Lecture 10: Balancing BSTs

Scribe notes on balancing binary search trees

Scribes:

  • Andy Arrigoni Perez
  • Sawyer Pollard
  • Luxin Sun
  • Cesaire Mugishawayo

Overview:

  1. Defining height balance
  2. Benefits of balance
  3. Maintaining balance efficiency
    • Add
    • Remove

Section 1: Defining height balance

Goal: Since find, add and remove run at O(h) (Where h is the height of the tree, we want to support the add/remove methods to maintain h as small as we can.

Add

Definition of height:

Let \(v\) be a node in a binary tree.

Then, \(h(v)= height\) (Distance to the most distant descendant leaf)

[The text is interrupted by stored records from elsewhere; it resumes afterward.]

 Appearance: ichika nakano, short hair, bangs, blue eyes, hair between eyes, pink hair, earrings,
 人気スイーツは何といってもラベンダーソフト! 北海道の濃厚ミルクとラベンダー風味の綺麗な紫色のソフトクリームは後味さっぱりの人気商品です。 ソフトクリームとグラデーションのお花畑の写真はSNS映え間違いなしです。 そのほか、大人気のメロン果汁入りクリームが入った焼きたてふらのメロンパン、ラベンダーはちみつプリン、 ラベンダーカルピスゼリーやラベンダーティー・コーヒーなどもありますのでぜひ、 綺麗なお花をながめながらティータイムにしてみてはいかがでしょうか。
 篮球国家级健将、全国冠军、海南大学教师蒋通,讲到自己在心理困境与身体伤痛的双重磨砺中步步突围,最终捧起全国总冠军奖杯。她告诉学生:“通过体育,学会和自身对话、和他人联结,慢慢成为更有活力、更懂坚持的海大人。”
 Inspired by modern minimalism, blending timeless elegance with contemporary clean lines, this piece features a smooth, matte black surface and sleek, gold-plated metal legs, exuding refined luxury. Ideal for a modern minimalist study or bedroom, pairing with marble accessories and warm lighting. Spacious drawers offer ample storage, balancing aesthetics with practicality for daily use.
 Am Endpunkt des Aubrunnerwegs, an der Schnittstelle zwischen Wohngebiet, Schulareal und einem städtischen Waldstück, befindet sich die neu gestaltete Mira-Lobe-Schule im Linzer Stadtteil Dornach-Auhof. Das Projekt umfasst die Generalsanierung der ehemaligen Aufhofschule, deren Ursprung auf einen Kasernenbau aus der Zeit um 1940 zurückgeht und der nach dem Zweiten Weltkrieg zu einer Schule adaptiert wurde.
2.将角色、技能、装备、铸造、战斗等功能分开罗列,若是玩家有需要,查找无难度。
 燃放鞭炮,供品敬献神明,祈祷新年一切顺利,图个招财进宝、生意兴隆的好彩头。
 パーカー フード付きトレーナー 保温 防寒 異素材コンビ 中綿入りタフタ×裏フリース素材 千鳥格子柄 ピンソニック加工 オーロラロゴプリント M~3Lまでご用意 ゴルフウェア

Note: Convention is that \(h(null) = -1\)

Observation:

If \(u = v.left\) and \(w = v.right\),

then \(h(v) = 1 + max(h(u), h(w))\)

Definition: Node \(v\) is height balanced if the heights of \(v\)’s children differ at most by 1. Formally: \(\lvert h(u) - h(w) \rvert \leq 1\)

Importantly, a binary tree T is (height) balanced or AVL (named for its creators Georgy Adelson-Velsky and Evgenii Landis) if all nodes in T are height balanced.

Example: BST

Section 2: Benefits of Balance

Goal: If T is balanced (or AVL), then its height \(h\) is \(O(log(n))\) where \(n\) is the number of nodes in the tree.

Roundabout Method: Consider \(m(h) = \text{minimum number of nodes in AVL tree of height h}\)

If \(n \leq m(h)\), then the height of the tree is at most \(h\).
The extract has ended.